MEDYADA neredeyse her gün yayınlanan ‘‘Kansere karşı etkili bir ilaç bulundu’’ haberlerini okuyan biri, bir kanser uzmanına, ‘‘Kanserin kesin tedavisi bulundu, değil mi?’’ diye sorar.
Aldığı cevap, ‘‘Eğer fareyseniz korkmanız için bir neden yok, farelerdeki kanserleri başarıyla tedavi ediyoruz’’ şeklindedir.
Bunu aktarmamdaki neden insanların umutlarını ortadan kaldırmak değil, aceleci davranışları, gereksiz ümitleri kontrol altına alma çabasıdır.
‘‘Öyleyse, bu yazılanlar doğru değil mi?’’ diye sorduğunuzu duyar gibiyim. Yazılanların hepsi doğru, bu gelişmeler gerçekten oluyor, ama bunların eczanelere ulaşması için daha çok uzun süreler gerekiyor.
Ben bu yazı serimde, bir ilacın, düşünce safhasından eczaneye ulaşmasına kadar geçen süredeki öyküsünü anlatacağım.
Bu yazı serisini hazırlamam için bana yardımcı olan, ilaç araştırma ve geliştirme alanında dünyanın lider kuruluşlarından biri olan GlaxoSmithKline firmasına teşekkür ederek sözlerime başlamak istiyorum.
İLAÇ NASIL KEŞFEDİLİR?
İlacın keşfinde birçok yol var. Şans, bunlardan biri. Fleming, laboratuvarında çalışırken mikropların üretilmesinde kullanılan kaplardan birine bir parça küfün düşmesi ve bu bölümde mikrop üremediğini görmesi üzerine, bugünkü antibiyotiklerin babası olan Penisilin'i keşfetmiş. Fleming, çok daha temiz ve titiz çalışsa belki de penisilini keşfedemeyecekti.

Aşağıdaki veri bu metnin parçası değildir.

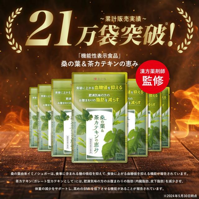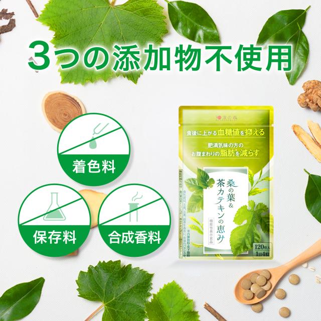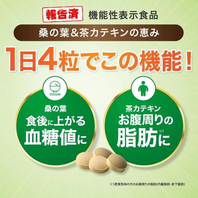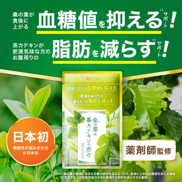 "『 桑の葉 & 茶カテキン の恵み』は、お腹の脂肪を減らす機能がある《 茶カテキン 由来の ガレード型 カテキン》を主成分(機能性関与成分)とした ダイエット サプリメント です。"名称:桑の葉&茶カテキンの恵み
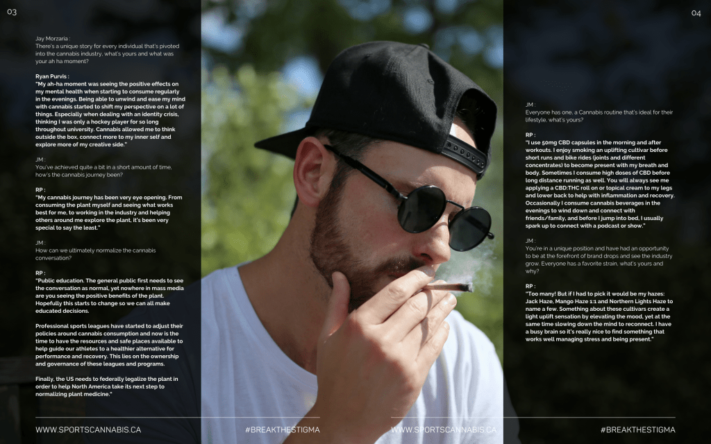“My ah-ha moment was seeing the positive effects on my mental health when starting to consume regularly in the evenings. Being able to unwind and ease my mind with cannabis started to shift my perspective on a lot of things. Especially when dealing with an identity crisis, thinking I was only a hockey player for so long throughout the university. Cannabis allowed me to think outside the box, connect more to my inner self and explore more of my creative side.“
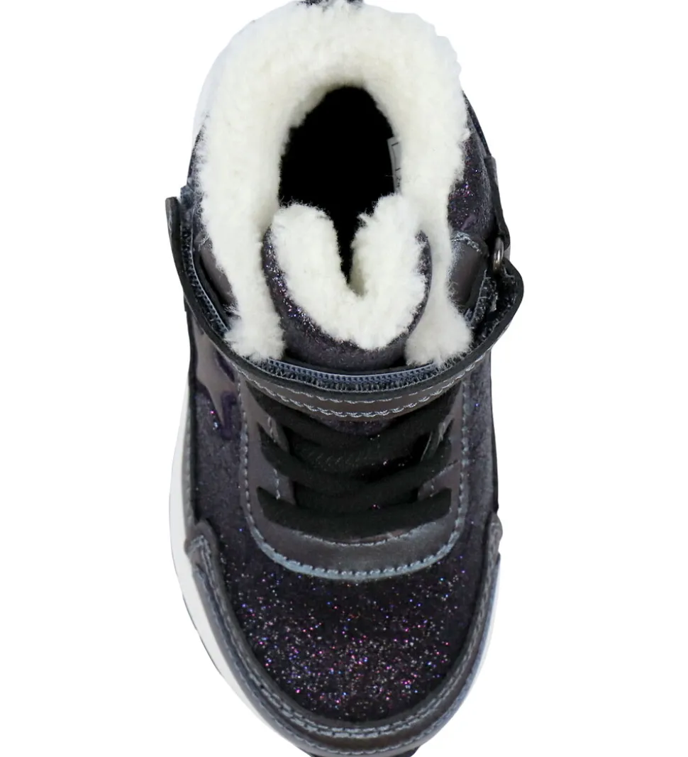Festlige Viking vinterstøvler i metallisk sort med lilla skær og lilla glimmer. På ydersiden er der en stjerne.
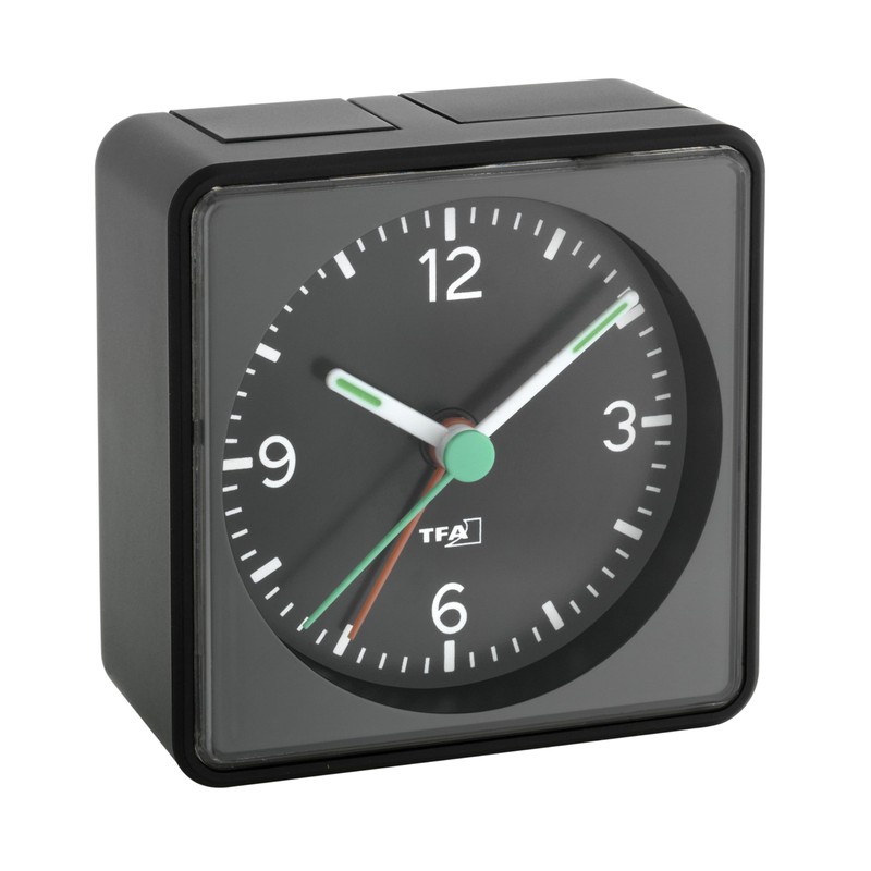 TFA 60.1013 Push Analogue Silent Alarm Clock - Sweep Movement No Ticking
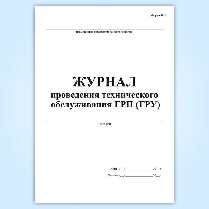 Журнал проведения технического обслуживания ГРП (ГРУ) (форма 19-э) в Ульяновске купить
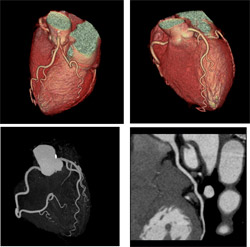 ほとんどの心臓CT検査では、これらの画像をGE社製三次元画像処理ワークステーション「Advantage
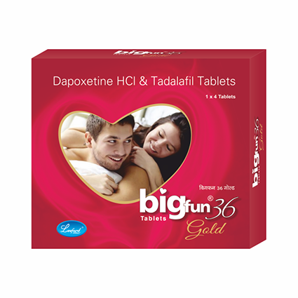 Bigfun Gold Tablet is a combination of two medicines : Tadalafil and Dapoxetine, which treat premature ejaculation. Tadalafil is a phosphodiesterase type 5 (PDE 5) inhibitor which works by increasing blood flow to the penis during sexual stimulation and enables its erection following sexual stimulation. Dapoxetine is a selective serotonin reuptake inhibitor (SSRI) which increases the level of serotonin in nerves to improve control over ejaculation and increase the time taken to ejaculate.
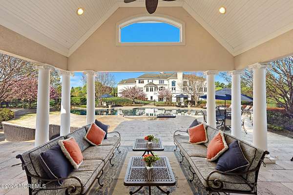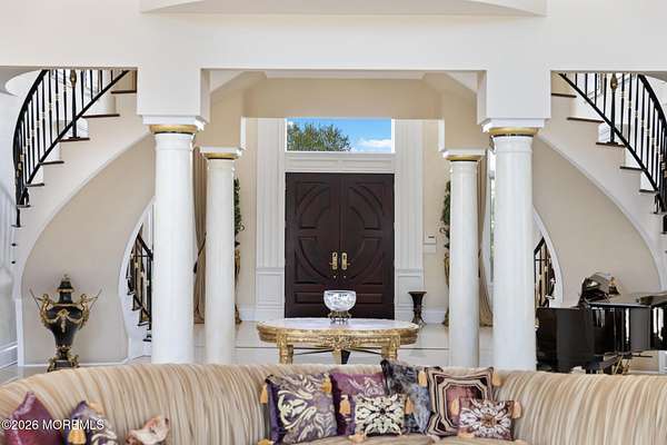 Rare gems like this in Due Process Estates don't come along often. One of New Jersey's most prestigious and sought-after communities, it sets the standard for luxury living in Colts Neck. Every finish, every surface, every system reflects one standard: nothing compromised. The result is a home where thoughtful design and quality craftmanship are evident at every turn. Set on 3.4 Acres, over 11,000 sq ft of fully custom living space w/ 7 bedrooms, 8 and half baths, 3 fireplaces, built for the way a family actually lives and entertains. A soaring 2 story foyer, chef's kitchen, formal and casual spaces that flow effortlessly, crowned by a primary suite that feels like a world of its own. Bedroom suites on the second floo feature valuted ceilings, ensuites and custom walk-in closets. a level of finishes rarely seen beyond the primary suite. A dedicated home cinema, billard room w/ custom bar, wood paneled office, finished basement w/ additional bedroom, kitchen, game room, and 2 professional gyms, and dual double garages on each side of the property make this home that truly has it all. Outside, the grounds are nothing short of spectacular. A resort style backyard w/ gunite salt water pool w/jacuzzi, fire pit, built-in grill, custom all season pool house. Expansive raised travetine patio w/ additional built-in grill, professional landscaping, and complete privacy make this a home you'll never want to leave and a true wow factor for every guest. Adjacent to the highly acclaimed Due Process Golf Club, w/ easy access to beaches, parks, stables, shopping and multiple routes to NYC.
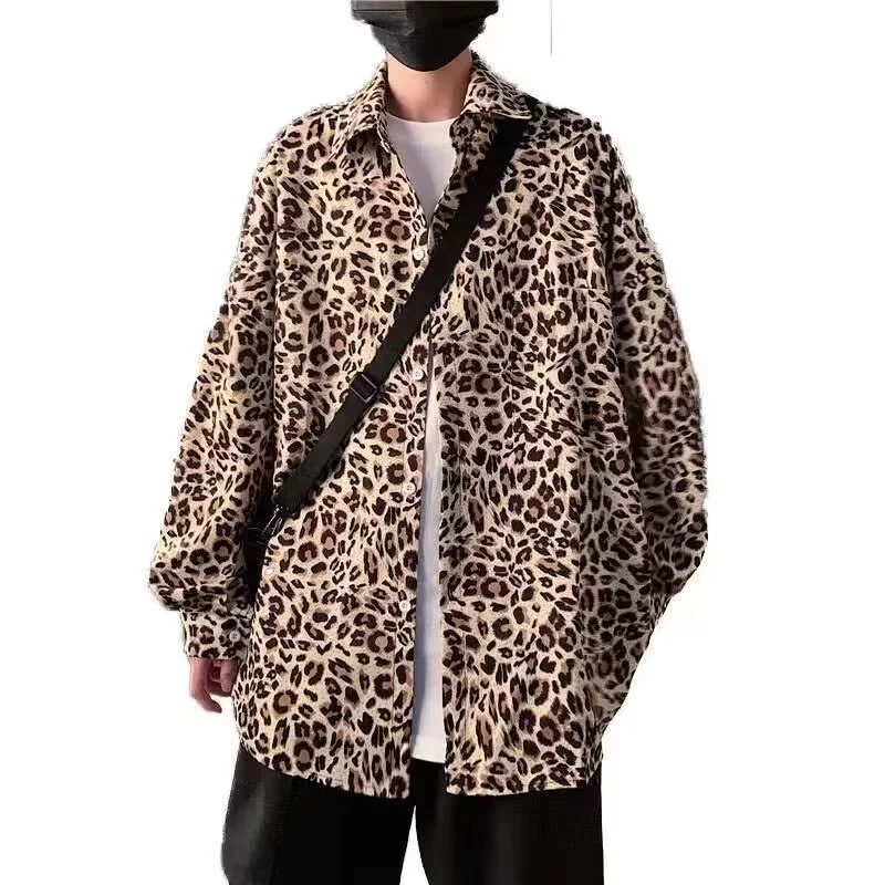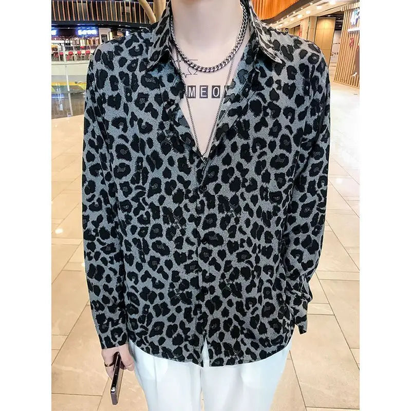 Spring Autumn New Fashion Turn-down Collar Long Sleeve Leopard Blouse Men's Clothing Korean All-match Simplicity Button Shirts
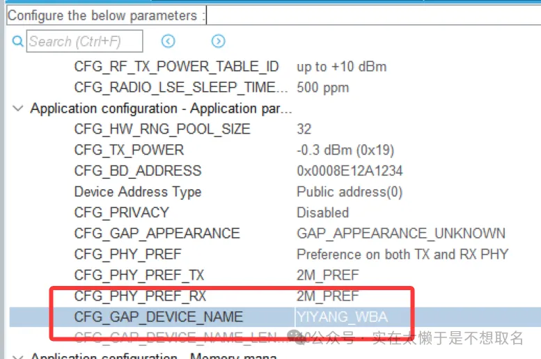 修改一下BLE设备的名称,之后我们还要设置一些基本广播配置,广播配置将是我们能够搜索到BLE设备的关键信息。

Geleneksel tıp da, ilaç gelişimde önemli rol oynamıştır. Hipokrat zamanında ağrı kesmede ve ateş düşürmede söğüt ağacı kabukları kullanılırmış. Eski Mısırlılar bu amaçla yaban mersini bitkisinden yararlanmışlar. Bu bitkilerle yapılan çalışmalar, etkili maddenin salisilik asit olduğunu ortaya koymuş. Uzun bir süre bu amaçla salisilik asit kullanılmış. Yüz yılı aşkın bir süre önce Felix Hoffmann salisilik asidin yan etkilerini ortadan kaldıracak asetilleme yöntemini bulmuş. Bulduğu bu ürün, tüm dünya üzerinde o tarihten bu yana, ağrı kesici olarak en yaygın kullanılan aspirin.
Rastgele yapılan çalışmalarla da birçok ilaç keşfedilmiş. Artık geçerli olan yol, akılcı ilaç tasarımı olarak adlandırabileceğimiz yöntemler.
Öncü olarak adlandırabileceğimiz ilaç firmaları ürün tasarımı ve geliştirilmesi konusunda büyük çabalar harcıyorlar. Örneğin GlaxoSmithKline (GSK), dünya üzerindeki 7 ülkede bulunan 24 araştırma geliştirme (ARGE) tesisinde 16 bin çalışanı ile yılık cirosunun yüzde 15'lik bir kısmını (4 milyar dolar) bu konuya harcıyor.